In the past week, Rhode Island and Delaware became the 10th and 11th states to approve gay marriage. But so far, only legislatures in coastal or New England states have voted affirmatively for gay marriage. Except for Iowa, which allows gay marriage due to a 2009 judicial ruling, same-sex couples can't get married in flyover country.
Minnesota might go first, but Illinois could be close behind. The state Senate there voted in February to allow same-sex marriage, and supporters think they're close to securing the votes needed to get it through the House and on to Democratic Gov. Pat Quinn, who says he'll sign it.
Although a few Republican politicians around the country have started to embrace gay marriage, the movement remains largely contained to states with Democrats fully in control. In the Midwest, only Illinois and Minnesota have Democratic-led statehouses. Democrats run the Nevada and New Mexico legislatures, but Republicans are governor in those states.
Democrats also control Colorado, but that state could only go as far as civil unions because of a constitutional amendment that blocks gay marriage. The same curb applies in Oregon, but a group has launched a drive to repeal the earlier ballot initiative.
The GOP Takes on Gay Marriage
Elsewhere, the political dominance of Republicans makes legalized gay marriage a difficult sell. Most of Minnesota's regional neighbors - Michigan, Wisconsin and both Dakotas - have entirely Republican power structures.

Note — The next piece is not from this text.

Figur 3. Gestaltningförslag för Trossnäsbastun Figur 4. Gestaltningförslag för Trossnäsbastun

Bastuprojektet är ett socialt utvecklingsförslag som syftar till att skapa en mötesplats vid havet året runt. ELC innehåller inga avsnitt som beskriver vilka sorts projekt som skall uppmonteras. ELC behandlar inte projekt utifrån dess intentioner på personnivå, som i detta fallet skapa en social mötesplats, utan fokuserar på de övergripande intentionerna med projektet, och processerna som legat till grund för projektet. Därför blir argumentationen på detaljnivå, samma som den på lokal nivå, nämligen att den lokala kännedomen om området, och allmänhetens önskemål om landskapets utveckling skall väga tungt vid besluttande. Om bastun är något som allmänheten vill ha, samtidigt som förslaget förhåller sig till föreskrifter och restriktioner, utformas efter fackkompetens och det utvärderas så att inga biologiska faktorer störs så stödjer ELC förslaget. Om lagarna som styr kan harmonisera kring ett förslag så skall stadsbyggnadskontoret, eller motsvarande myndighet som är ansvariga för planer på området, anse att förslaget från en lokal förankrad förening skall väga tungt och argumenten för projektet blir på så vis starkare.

So far, only one Republican member of Minnesota's Legislature is a definite yes on gay marriage. But with the House vote looming Wednesday, the bill's backers said they would accept a handful of GOP-sponsored religious protections that could help them win over a few more Republicans.
Last fall's defeat of the gay marriage ban ended a nearly decade-long push by social conservatives for stronger prohibitions on gay marriage. But the massive activist and fundraising network built to defeat the amendment has now been harnessed to get it through the Legislature.
"Our opponents did us a huge favor," said Sen. Scott Dibble, the bill's Senate sponsor. "They really accelerated the whole issue."
Dibble and Clark are both gay. First elected in 1986, Clark says she's the longest-serving lesbian state lawmaker in the country. She first introduced a bill to legalize gay marriage in 1998, just a year after her colleagues approved a state law defining marriage as between a man and a woman. Dibble's Senate district, anchored in the city's trendy Uptown area, had the highest number of gay couples in Minnesota in both the 2000 and 2010 census.
It was the heavily populated Twin Cities area that delivered most of the votes against the constitutional gay marriage ban - making it part of the first electoral victories on gay marriage last November after years of losses. But the ban got huge support from more rural parts of the state, populated with higher concentrations of seniors, religious and socially conservative voters.
That's left gay marriage opponents to argue that the legislative push now underway is a case of pushing big-city values on small-town residents.
"The metro area shouldn't be allowed to force gay marriage on the rest of the state," read the flyer for a rally sponsored by Minnesota for Marriage, the chief lobbying group against the ban.
But in recent days, a handful of House and Senate Democrats from rural districts have announced plans to vote for the bill. Rep. Joe Radinovich, a 27-year-old freshman Democrat from the central Minnesota town of Crosby, acknowledged he would alienate some constituents when he votes for gay marriage.
"'I know there are people who voted for me last year that won't vote for me next year because of this," said Radinovich, who beat his Republican opponent by just 323 votes. "But I'm not going to start my political career by voting 'no' on something I know in my heart that I support."